Records from a collection:
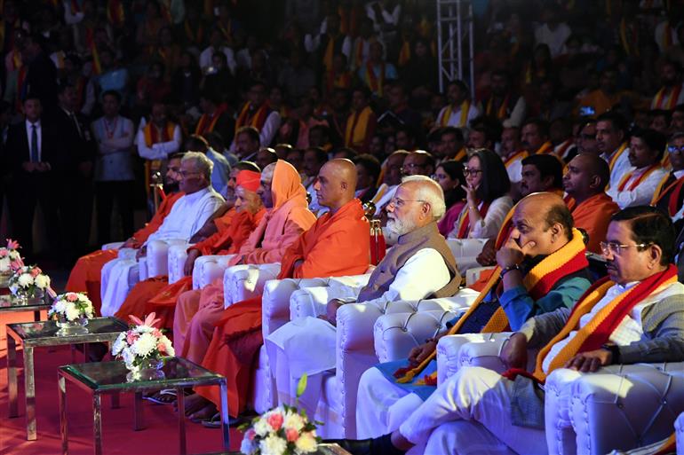 ಈ ವೇಳೆ ಪ್ರಧಾನಿ ಮೋದಿ, ಆದಿಚುಂಚನಗಿರಿ ಮಠದ ನಿರ್ಮಲಾನಂದ ಸ್ವಾಮಿ, ಸುತ್ತೂರು ಮಠದ ಶಿವರಾತ್ರಿ ದೇಶಿಕೇಂದ್ರ ಸ್ವಾಮಿ, ಉಡುಪಿಯ ವಿಶ್ವೇಶ್ವರ ಪ್ರಸನ್ನ ತೀರ್ಥ ಸ್ವಾಮಿ, ಧರ್ಮಸ್ಥಳದ ಧರ್ಮಾಧಿಕಾರಿ ಡಾ.ವಿರೇಂದ್ರ ಹೆಗೆಡೆ, ನಂಜಾವದೂತ ಸ್ವಾಮಿ ಹಾಗೂ ಕೇಂದ್ರ ಸಚಿವ ಪ್ರಹ್ಲಾದ ಜೋಶಿ, ಸಚಿವ ಸುನಿಲ್ ಕುಮಾರ್ ಸೇರಿದಂತೆ ಇನ್ನಿತರರು ಉಪಸ್ಥಿತರಿದ್ದರು.
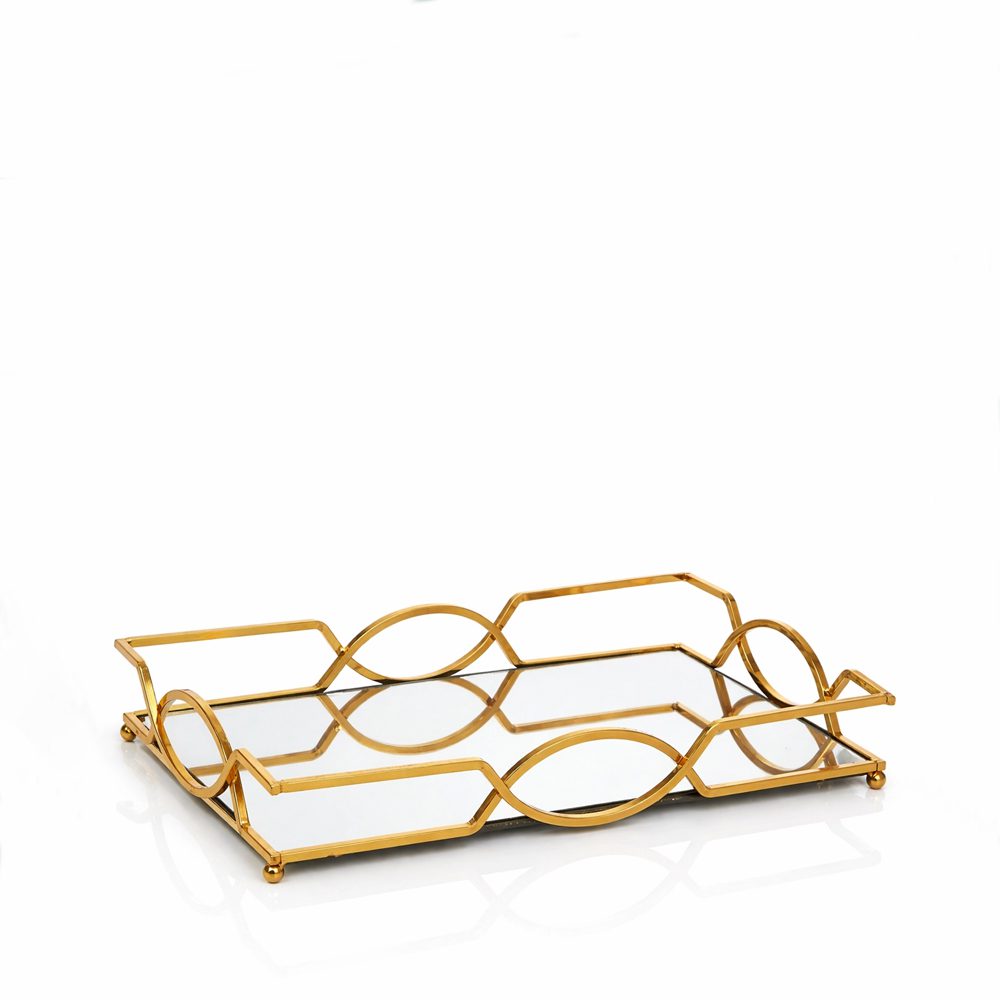 Ορθογώνιος μεταλλικός χρυσός δίσκος με καθρέφτη της Authentique Art
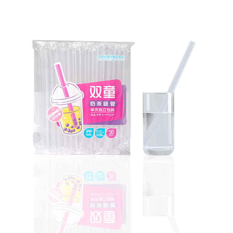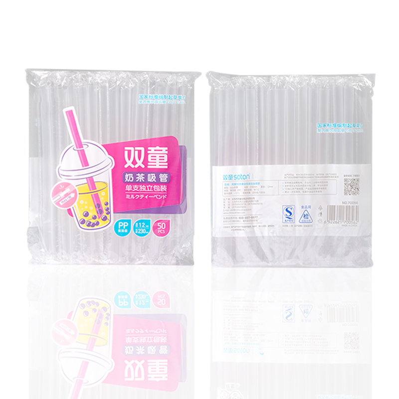 70056雙童100支單支膜包裝透明彩條色珍珠奶茶吸管
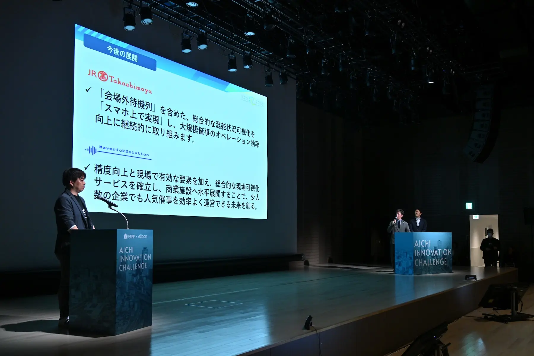 トークセッションを経て会場の空気がほぐれたところで、いよいよ今年度の成果を発表するピッチへ。代表して7つの共創チームが登壇し、実証の成果を披露した。
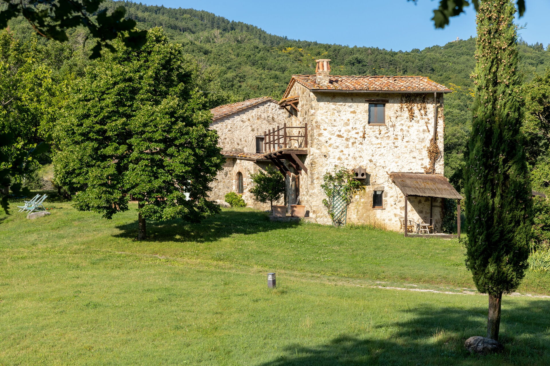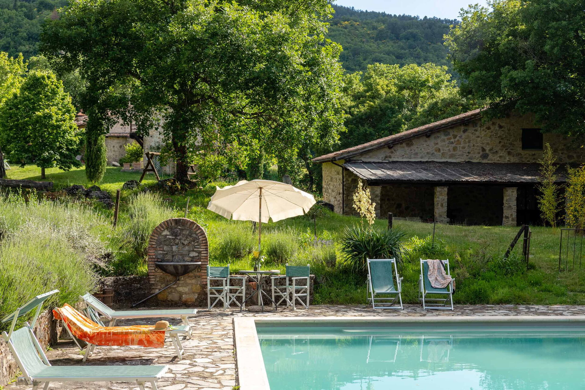 Når I ankommer, vil I blive modtaget af ejeren eller repræsentanten og I vil finde en flot ren og velholdt ejendom med udsigt over bjergene perfekt til en fredelig ferie i Toscana. Til jeres store glæde vil I finde en privat pool, hvor I kan køle ned, mens I nyder en dejlig kold drik efter en hektisk dag med shopping. At spise med venner og familie er en kæmpe del af den toskanske kultur. Benyt det velekviperede køkken til madlavning med lokale produkter, når du er på ferie. Køkkenet indeholder kaffemaskine, komfur og køleskab, samt, masser af service og bestik til op til 16 personer.
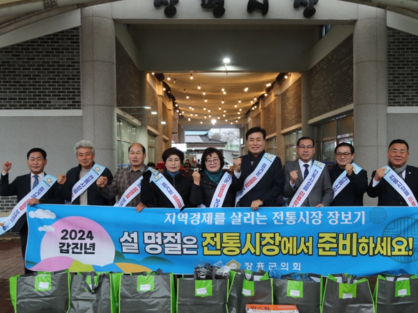 [남도저널 양용숙 기자] 장흥군의회 전체의원은 2월 6일, 지역 전통시장인 장평시장을 찾아 설 맞이 명절 장보기 행사를 진행했다.
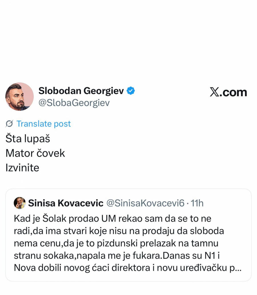 Nevolje u raju? Kovačević i Georgiev imali su žestoku razmenu na društvenoj mreži X, koju je, kako deluje, započeo Kovačević koji je kritikovao Šolakovu prodaju Junajted medije.
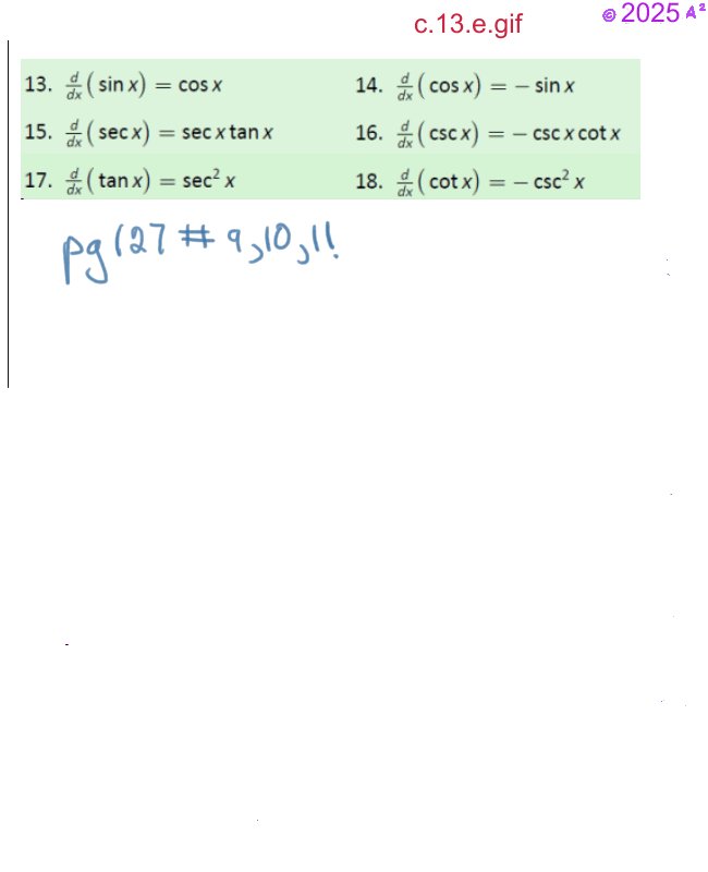 - to take the derivative of Arcfunctions, derive the derivative formula. (the meat of today's content)
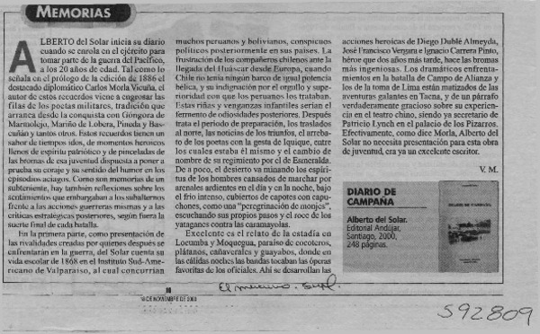 Solar, Alberto del - Autores chilenos - Diario de campaña
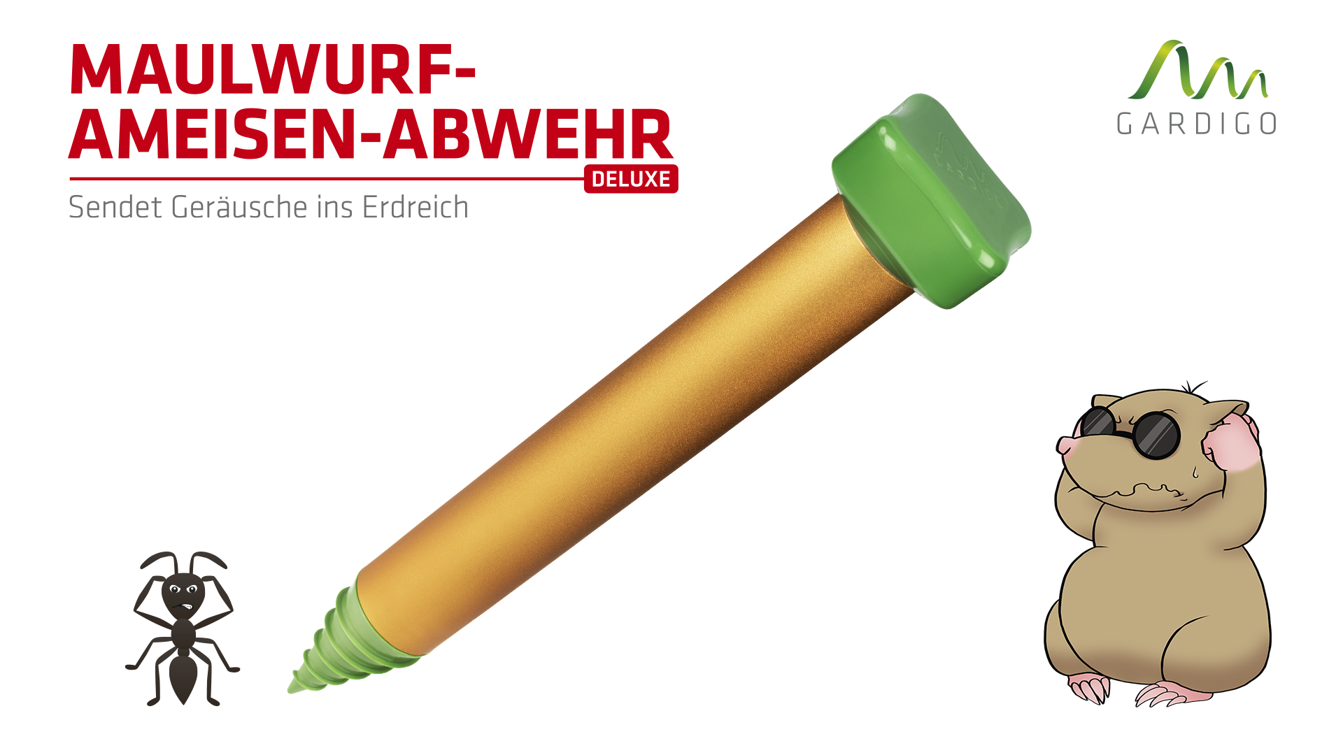 Mole-Ant Defense Deluxe | sonic deterrent | mole repeller with vibration & drilling aid

Assigned task:
Retyping should start at the first line of the data above and stop after the line with "[남도저널 양용숙 기자]", and no picture should be included.

Response area:
 ಈ ವೇಳೆ ಪ್ರಧಾನಿ ಮೋದಿ, ಆದಿಚುಂಚನಗಿರಿ ಮಠದ ನಿರ್ಮಲಾನಂದ ಸ್ವಾಮಿ, ಸುತ್ತೂರು ಮಠದ ಶಿವರಾತ್ರಿ ದೇಶಿಕೇಂದ್ರ ಸ್ವಾಮಿ, ಉಡುಪಿಯ ವಿಶ್ವೇಶ್ವರ ಪ್ರಸನ್ನ ತೀರ್ಥ ಸ್ವಾಮಿ, ಧರ್ಮಸ್ಥಳದ ಧರ್ಮಾಧಿಕಾರಿ ಡಾ.ವಿರೇಂದ್ರ ಹೆಗೆಡೆ, ನಂಜಾವದೂತ ಸ್ವಾಮಿ ಹಾಗೂ ಕೇಂದ್ರ ಸಚಿವ ಪ್ರಹ್ಲಾದ ಜೋಶಿ, ಸಚಿವ ಸುನಿಲ್ ಕುಮಾರ್ ಸೇರಿದಂತೆ ಇನ್ನಿತರರು ಉಪಸ್ಥಿತರಿದ್ದರು.
 Ορθογώνιος μεταλλικός χρυσός δίσκος με καθρέφτη της Authentique Art
 70056雙童100支單支膜包裝透明彩條色珍珠奶茶吸管
 トークセッションを経て会場の空気がほぐれたところで、いよいよ今年度の成果を発表するピッチへ。代表して7つの共創チームが登壇し、実証の成果を披露した。
 Når I ankommer, vil I blive modtaget af ejeren eller repræsentanten og I vil finde en flot ren og velholdt ejendom med udsigt over bjergene perfekt til en fredelig ferie i Toscana. Til jeres store glæde vil I finde en privat pool, hvor I kan køle ned, mens I nyder en dejlig kold drik efter en hektisk dag med shopping. At spise med venner og familie er en kæmpe del af den toskanske kultur. Benyt det velekviperede køkken til madlavning med lokale produkter, når du er på ferie. Køkkenet indeholder kaffemaskine, komfur og køleskab, samt, masser af service og bestik til op til 16 personer.
 [남도저널 양용숙 기자] 장흥군의회 전체의원은 2월 6일, 지역 전통시장인 장평시장을 찾아 설 맞이 명절 장보기 행사를 진행했다.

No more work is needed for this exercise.